(Collected data entries)

• • • •

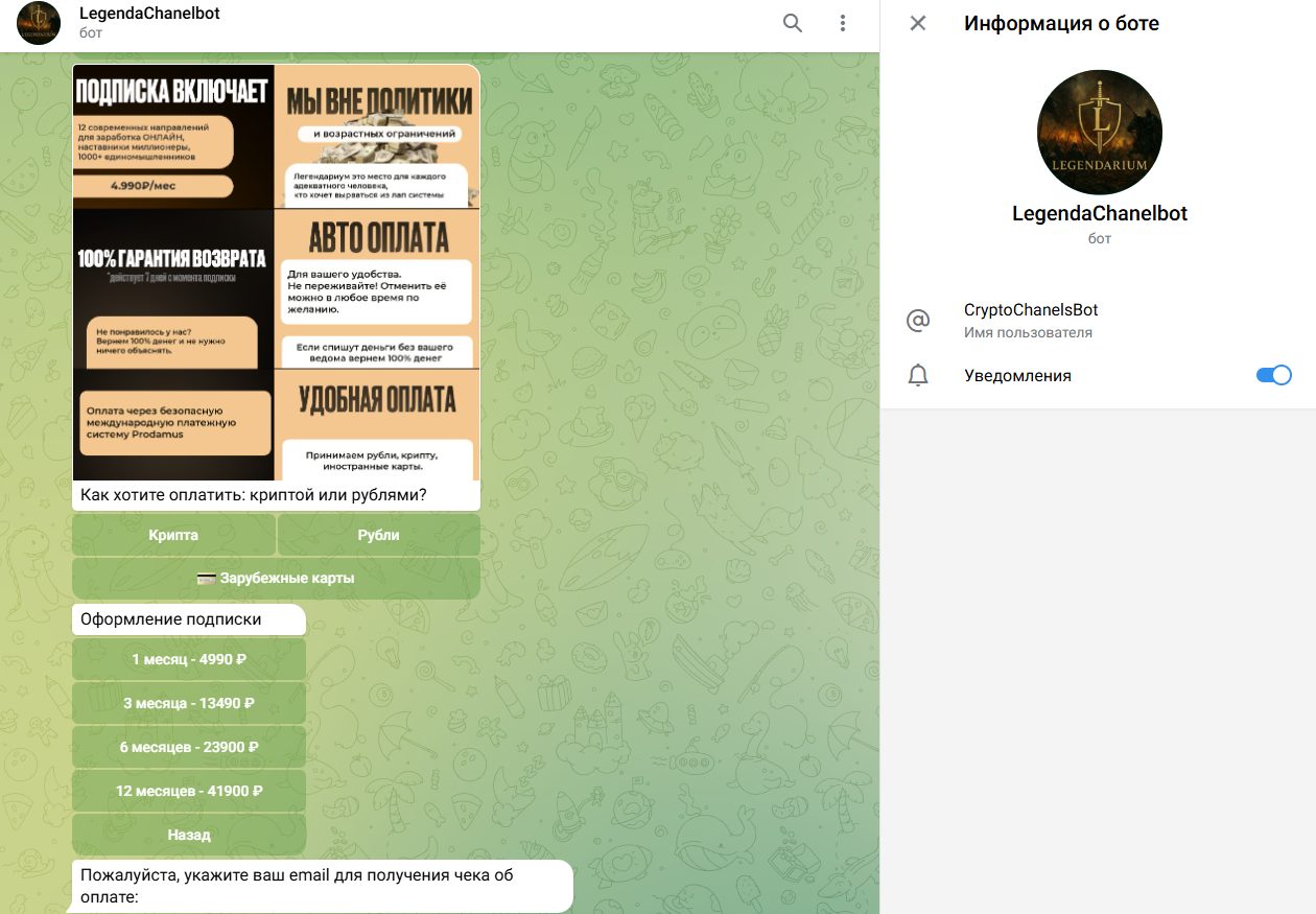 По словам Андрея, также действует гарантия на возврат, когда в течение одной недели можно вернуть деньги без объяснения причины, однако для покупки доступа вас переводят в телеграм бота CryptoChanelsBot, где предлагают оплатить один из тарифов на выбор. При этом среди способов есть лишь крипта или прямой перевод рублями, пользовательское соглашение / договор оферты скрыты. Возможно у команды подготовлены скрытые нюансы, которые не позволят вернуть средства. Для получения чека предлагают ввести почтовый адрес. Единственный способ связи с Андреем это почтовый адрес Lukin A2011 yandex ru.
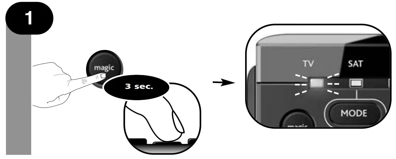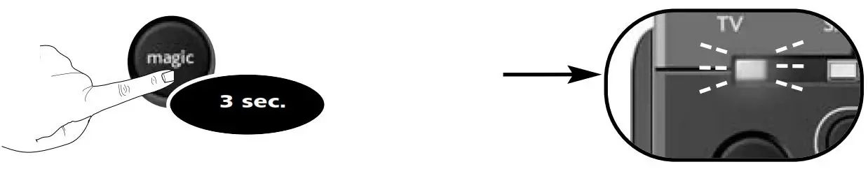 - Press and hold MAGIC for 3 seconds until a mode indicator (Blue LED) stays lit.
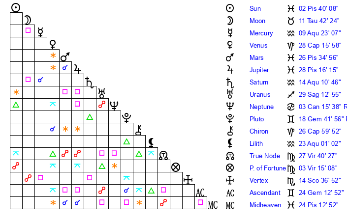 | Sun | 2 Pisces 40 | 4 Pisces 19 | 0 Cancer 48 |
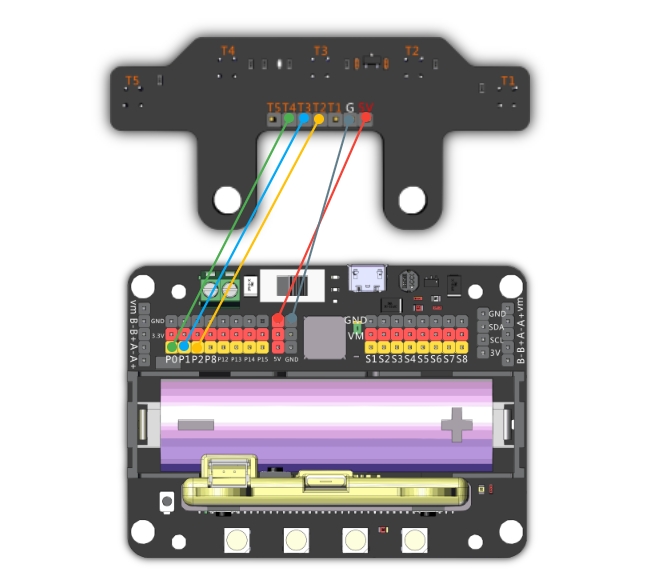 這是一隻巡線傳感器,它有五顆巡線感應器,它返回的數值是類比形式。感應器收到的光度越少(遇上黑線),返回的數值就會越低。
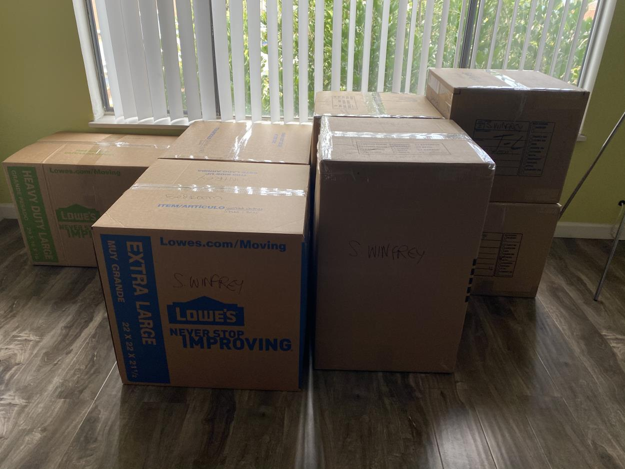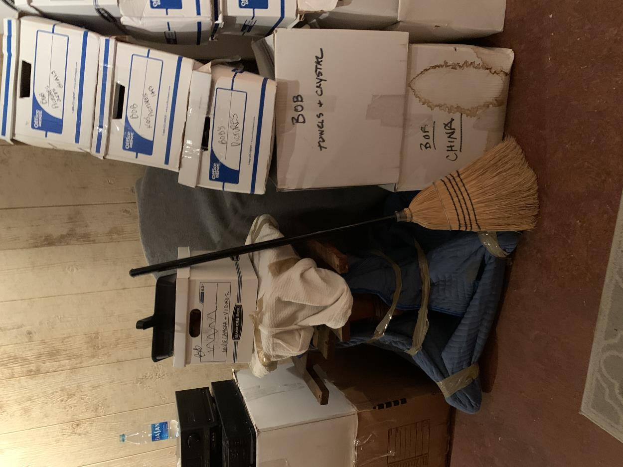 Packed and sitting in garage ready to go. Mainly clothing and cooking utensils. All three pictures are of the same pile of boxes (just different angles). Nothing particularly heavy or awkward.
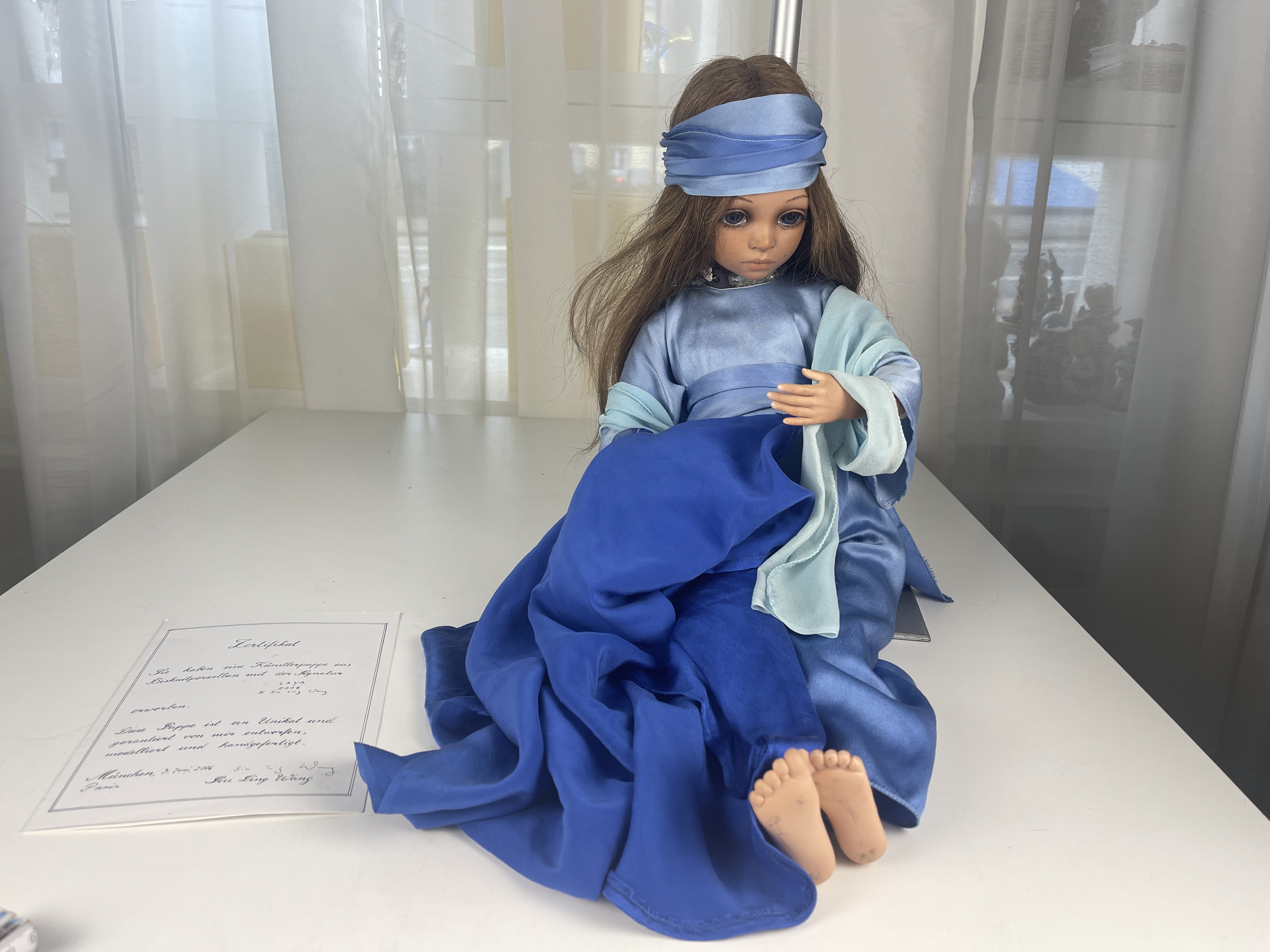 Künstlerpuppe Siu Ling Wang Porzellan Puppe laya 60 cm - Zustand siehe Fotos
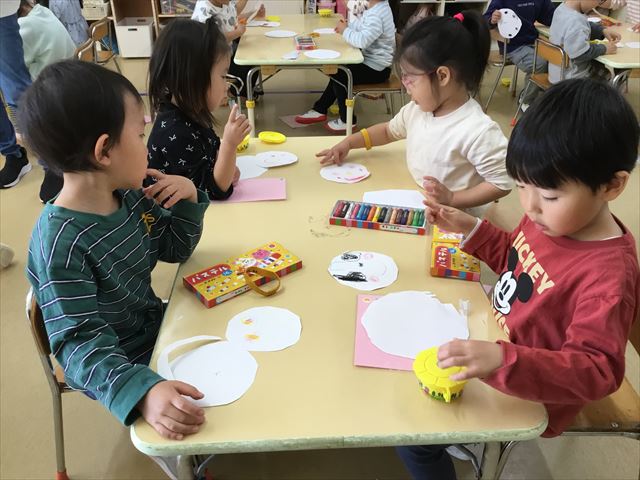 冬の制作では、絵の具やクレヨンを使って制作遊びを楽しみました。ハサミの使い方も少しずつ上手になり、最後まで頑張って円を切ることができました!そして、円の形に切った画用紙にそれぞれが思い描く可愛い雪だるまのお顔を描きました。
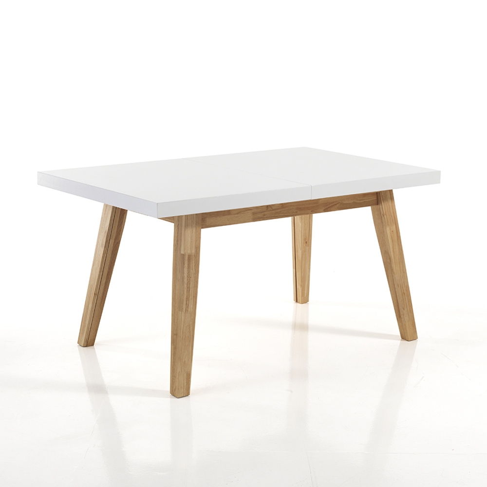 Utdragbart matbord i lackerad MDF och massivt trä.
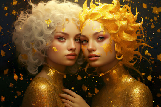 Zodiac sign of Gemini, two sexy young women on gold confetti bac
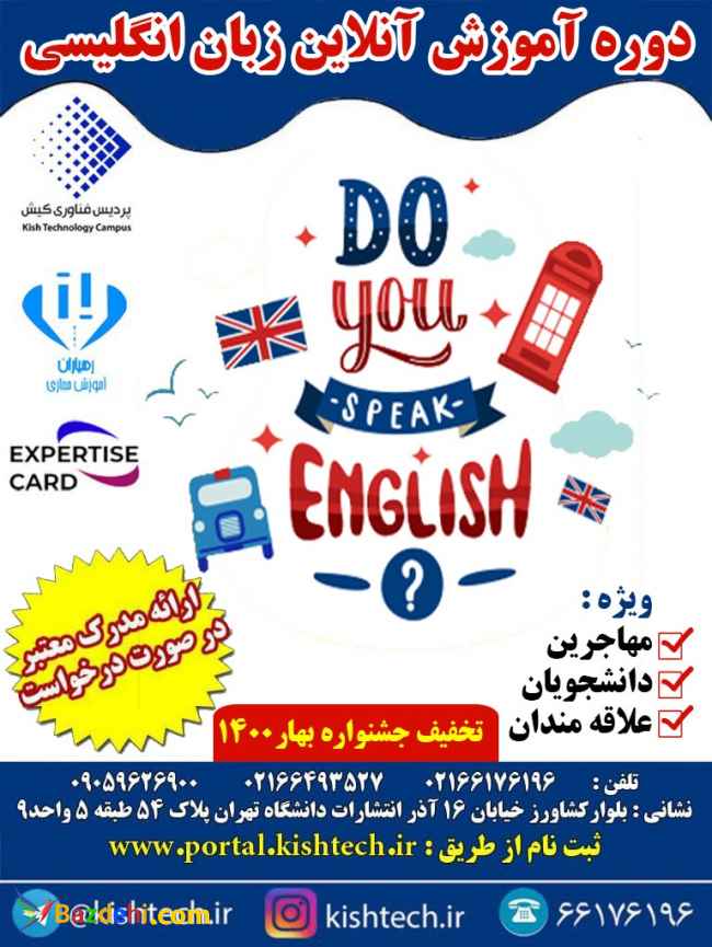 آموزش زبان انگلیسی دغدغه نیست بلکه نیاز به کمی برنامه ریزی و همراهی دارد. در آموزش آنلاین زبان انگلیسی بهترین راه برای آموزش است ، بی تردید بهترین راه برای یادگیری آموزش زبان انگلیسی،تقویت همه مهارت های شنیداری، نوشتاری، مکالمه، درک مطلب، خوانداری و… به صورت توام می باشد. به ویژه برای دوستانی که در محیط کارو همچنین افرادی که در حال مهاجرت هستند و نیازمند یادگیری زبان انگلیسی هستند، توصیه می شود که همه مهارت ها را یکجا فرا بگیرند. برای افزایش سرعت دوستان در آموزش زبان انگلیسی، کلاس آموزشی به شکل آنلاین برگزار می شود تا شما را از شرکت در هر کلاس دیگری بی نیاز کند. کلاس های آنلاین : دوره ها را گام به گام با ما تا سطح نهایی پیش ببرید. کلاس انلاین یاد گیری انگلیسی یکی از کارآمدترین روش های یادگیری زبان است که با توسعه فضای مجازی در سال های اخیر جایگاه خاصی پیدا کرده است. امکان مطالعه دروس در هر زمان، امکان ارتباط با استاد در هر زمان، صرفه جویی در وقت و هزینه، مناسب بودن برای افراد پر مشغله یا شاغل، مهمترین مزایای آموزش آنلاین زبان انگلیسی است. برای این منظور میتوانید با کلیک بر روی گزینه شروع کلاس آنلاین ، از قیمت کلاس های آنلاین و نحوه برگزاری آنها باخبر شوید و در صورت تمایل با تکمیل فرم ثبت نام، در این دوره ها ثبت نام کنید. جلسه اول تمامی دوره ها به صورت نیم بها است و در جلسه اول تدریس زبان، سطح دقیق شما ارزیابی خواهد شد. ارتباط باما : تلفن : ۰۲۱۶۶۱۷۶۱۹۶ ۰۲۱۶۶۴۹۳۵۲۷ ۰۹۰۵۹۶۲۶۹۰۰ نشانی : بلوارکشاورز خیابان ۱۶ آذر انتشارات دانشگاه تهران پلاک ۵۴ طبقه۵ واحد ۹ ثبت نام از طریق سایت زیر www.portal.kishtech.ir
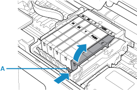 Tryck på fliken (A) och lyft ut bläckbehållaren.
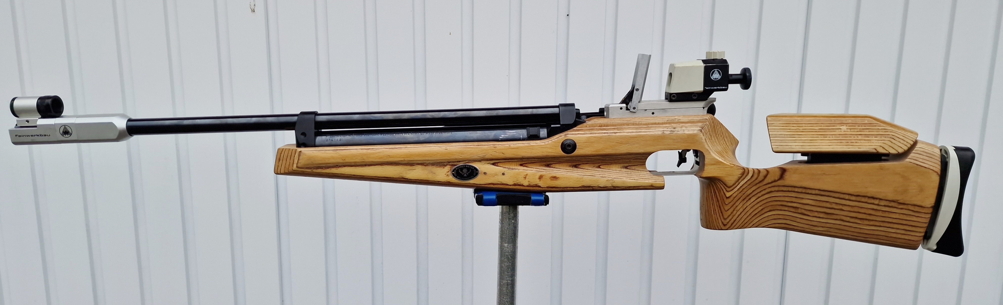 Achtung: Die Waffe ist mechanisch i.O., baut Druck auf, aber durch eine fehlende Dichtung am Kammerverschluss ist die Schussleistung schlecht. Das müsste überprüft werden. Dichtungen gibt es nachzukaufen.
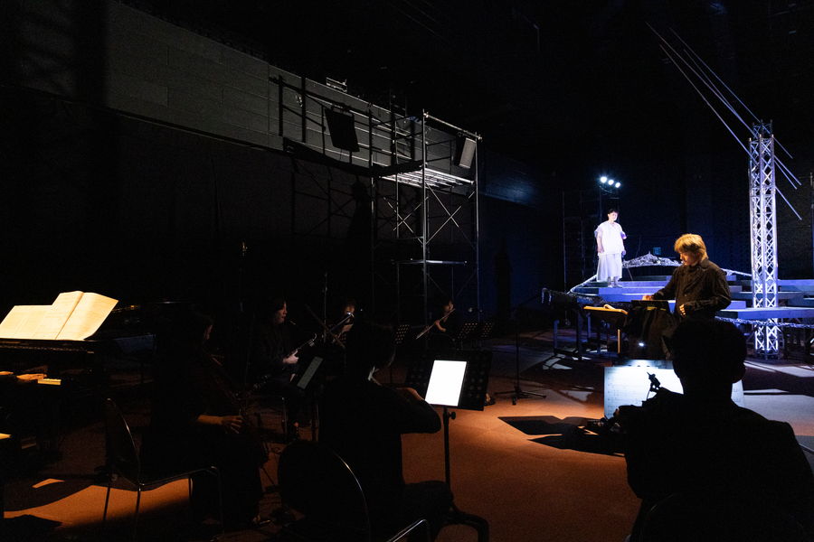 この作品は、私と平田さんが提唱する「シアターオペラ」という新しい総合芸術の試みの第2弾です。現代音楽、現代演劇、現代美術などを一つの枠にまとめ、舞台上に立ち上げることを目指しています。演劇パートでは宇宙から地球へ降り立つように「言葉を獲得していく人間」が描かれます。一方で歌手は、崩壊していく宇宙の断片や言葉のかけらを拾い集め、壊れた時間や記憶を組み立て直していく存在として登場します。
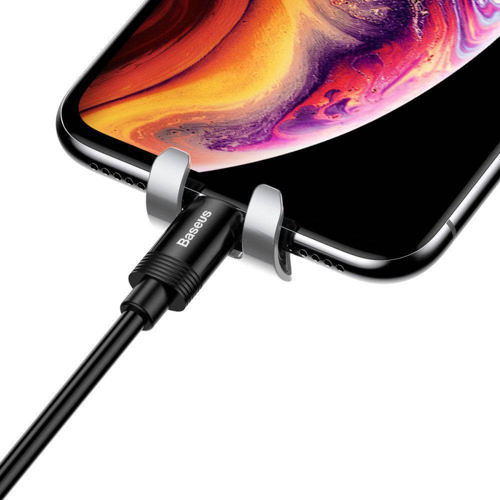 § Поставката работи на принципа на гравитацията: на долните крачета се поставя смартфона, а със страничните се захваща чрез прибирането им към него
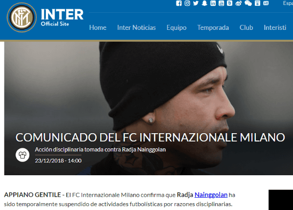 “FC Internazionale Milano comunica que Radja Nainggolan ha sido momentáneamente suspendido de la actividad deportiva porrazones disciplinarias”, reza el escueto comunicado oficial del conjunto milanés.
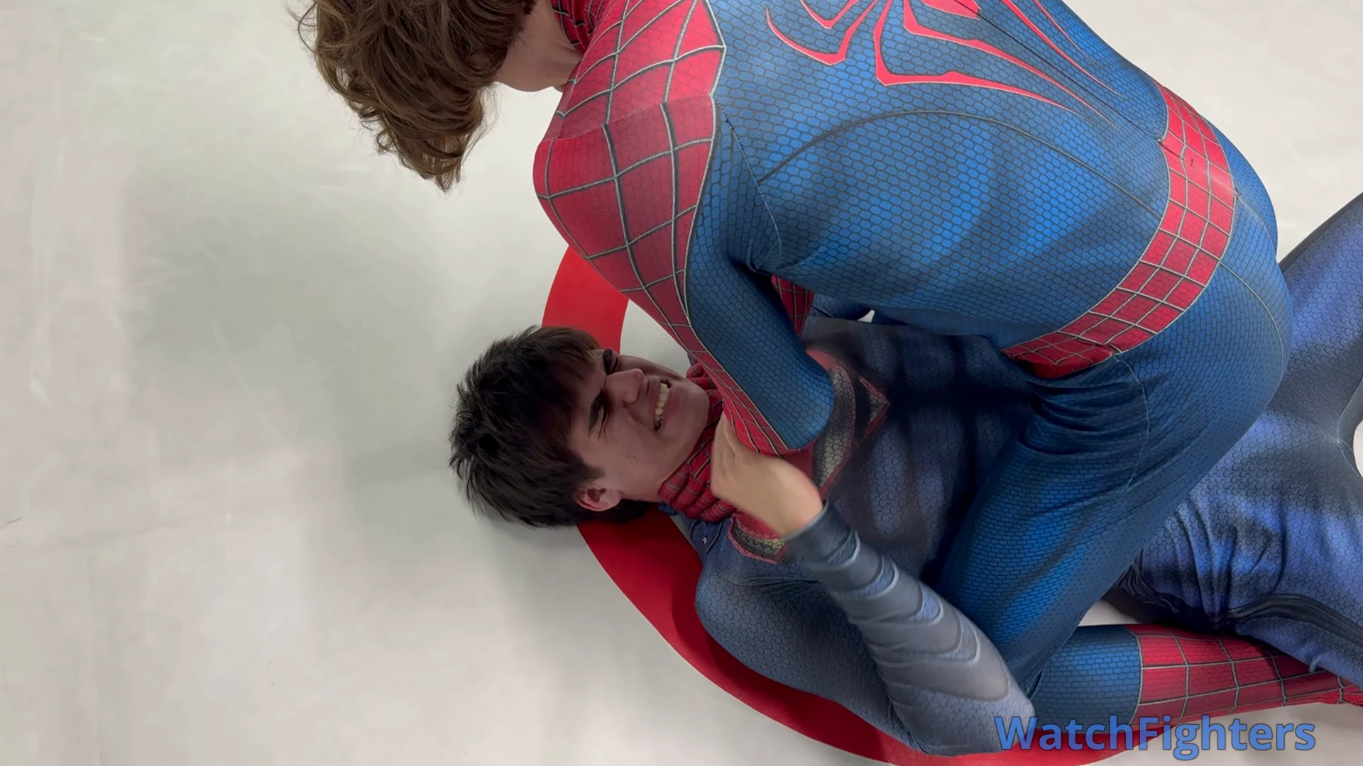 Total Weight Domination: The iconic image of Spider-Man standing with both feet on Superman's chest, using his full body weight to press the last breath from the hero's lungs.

• • • •

ASSIGNMENT: Copy the records exactly; no image should appear in the result.

ANSWER TO THE PROBLEM:
 По словам Андрея, также действует гарантия на возврат, когда в течение одной недели можно вернуть деньги без объяснения причины, однако для покупки доступа вас переводят в телеграм бота CryptoChanelsBot, где предлагают оплатить один из тарифов на выбор. При этом среди способов есть лишь крипта или прямой перевод рублями, пользовательское соглашение / договор оферты скрыты. Возможно у команды подготовлены скрытые нюансы, которые не позволят вернуть средства. Для получения чека предлагают ввести почтовый адрес. Единственный способ связи с Андреем это почтовый адрес Lukin A2011 yandex ru.
 - Press and hold MAGIC for 3 seconds until a mode indicator (Blue LED) stays lit.
 | Sun | 2 Pisces 40 | 4 Pisces 19 | 0 Cancer 48 |
 這是一隻巡線傳感器,它有五顆巡線感應器,它返回的數值是類比形式。感應器收到的光度越少(遇上黑線),返回的數值就會越低。
 Packed and sitting in garage ready to go. Mainly clothing and cooking utensils. All three pictures are of the same pile of boxes (just different angles). Nothing particularly heavy or awkward.
 Künstlerpuppe Siu Ling Wang Porzellan Puppe laya 60 cm - Zustand siehe Fotos
 冬の制作では、絵の具やクレヨンを使って制作遊びを楽しみました。ハサミの使い方も少しずつ上手になり、最後まで頑張って円を切ることができました!そして、円の形に切った画用紙にそれぞれが思い描く可愛い雪だるまのお顔を描きました。
 Utdragbart matbord i lackerad MDF och massivt trä.
 Zodiac sign of Gemini, two sexy young women on gold confetti bac
 آموزش زبان انگلیسی دغدغه نیست بلکه نیاز به کمی برنامه ریزی و همراهی دارد. در آموزش آنلاین زبان انگلیسی بهترین راه برای آموزش است ، بی تردید بهترین راه برای یادگیری آموزش زبان انگلیسی،تقویت همه مهارت های شنیداری، نوشتاری، مکالمه، درک مطلب، خوانداری و… به صورت توام می باشد. به ویژه برای دوستانی که در محیط کارو همچنین افرادی که در حال مهاجرت هستند و نیازمند یادگیری زبان انگلیسی هستند، توصیه می شود که همه مهارت ها را یکجا فرا بگیرند. برای افزایش سرعت دوستان در آموزش زبان انگلیسی، کلاس آموزشی به شکل آنلاین برگزار می شود تا شما را از شرکت در هر کلاس دیگری بی نیاز کند. کلاس های آنلاین : دوره ها را گام به گام با ما تا سطح نهایی پیش ببرید. کلاس انلاین یاد گیری انگلیسی یکی از کارآمدترین روش های یادگیری زبان است که با توسعه فضای مجازی در سال های اخیر جایگاه خاصی پیدا کرده است. امکان مطالعه دروس در هر زمان، امکان ارتباط با استاد در هر زمان، صرفه جویی در وقت و هزینه، مناسب بودن برای افراد پر مشغله یا شاغل، مهمترین مزایای آموزش آنلاین زبان انگلیسی است. برای این منظور میتوانید با کلیک بر روی گزینه شروع کلاس آنلاین ، از قیمت کلاس های آنلاین و نحوه برگزاری آنها باخبر شوید و در صورت تمایل با تکمیل فرم ثبت نام، در این دوره ها ثبت نام کنید. جلسه اول تمامی دوره ها به صورت نیم بها است و در جلسه اول تدریس زبان، سطح دقیق شما ارزیابی خواهد شد. ارتباط باما : تلفن : ۰۲۱۶۶۱۷۶۱۹۶ ۰۲۱۶۶۴۹۳۵۲۷ ۰۹۰۵۹۶۲۶۹۰۰ نشانی : بلوارکشاورز خیابان ۱۶ آذر انتشارات دانشگاه تهران پلاک ۵۴ طبقه۵ واحد ۹ ثبت نام از طریق سایت زیر www.portal.kishtech.ir
 Tryck på fliken (A) och lyft ut bläckbehållaren.
 Achtung: Die Waffe ist mechanisch i.O., baut Druck auf, aber durch eine fehlende Dichtung am Kammerverschluss ist die Schussleistung schlecht. Das müsste überprüft werden. Dichtungen gibt es nachzukaufen.
 この作品は、私と平田さんが提唱する「シアターオペラ」という新しい総合芸術の試みの第2弾です。現代音楽、現代演劇、現代美術などを一つの枠にまとめ、舞台上に立ち上げることを目指しています。演劇パートでは宇宙から地球へ降り立つように「言葉を獲得していく人間」が描かれます。一方で歌手は、崩壊していく宇宙の断片や言葉のかけらを拾い集め、壊れた時間や記憶を組み立て直していく存在として登場します。
 § Поставката работи на принципа на гравитацията: на долните крачета се поставя смартфона, а със страничните се захваща чрез прибирането им към него
 “FC Internazionale Milano comunica que Radja Nainggolan ha sido momentáneamente suspendido de la actividad deportiva porrazones disciplinarias”, reza el escueto comunicado oficial del conjunto milanés.
 Total Weight Domination: The iconic image of Spider-Man standing with both feet on Superman's chest, using his full body weight to press the last breath from the hero's lungs.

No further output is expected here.